Performance adaptive power-aware reconfigurable optical interconnects for high-performance computing (HPC) systems

Abstract

As communication distances and bit rates increase, optoelectronic interconnects are being deployed for designing high-bandwidth low-latency interconnection networks for high performance computing (HPC) systems. While bandwidth scaling with efficient multiplexing techniques (wavelengths, time and space) are available, static assignment of wavelengths can be detrimental to network performance for non-uniform (adversial) workloads. Dynamic bandwidth re-allocation based on actual traffic pattern can lead to improved network performance by utilizing idle resources. While dynamic bandwidth re-allocation (DBR) techniques can alleviate interconnection bottlenecks, power consumption also increases considerably. In this paper, we propose to improve the performance of optical interconnects using DBR techniques and simultaneously optimize the power consumption using Dynamic Power Management (DPM) techniques.
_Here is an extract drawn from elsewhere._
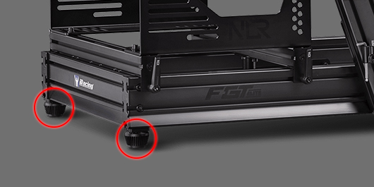 凹凸のあるフロアでも対応するため、各コーナーの高さを独立して調整できる高さ調整脚を設計しました。カスタムデザインの脚は、シミュレーション市場で一般的に使用されている典型的な工業用の脚に比べて見た目の美しさが大きく改善されているだけでなく、振動を吸収し、滑りやすい表面にもグリップ力を発揮するTPE衝撃吸収プラグを採用しています。また、Next Level Racingセーフティステップがコックピットに付属しており、乗り降りが楽になります。

DBR, re-allocates idle channels to busy channels (wavelengths) for improving throughput and DPM regulates the bit rates and supply voltages for the individual channels. A reconfigurable opto-electronic architecture and a performance adaptive algorithm for implementing DBR and DPM are proposed in this paper. Our proposed reconfiguration algorithm achieves a significant reduction in power consumption and considerable improvement in throughput with a marginal increase in latency for various traffic patterns.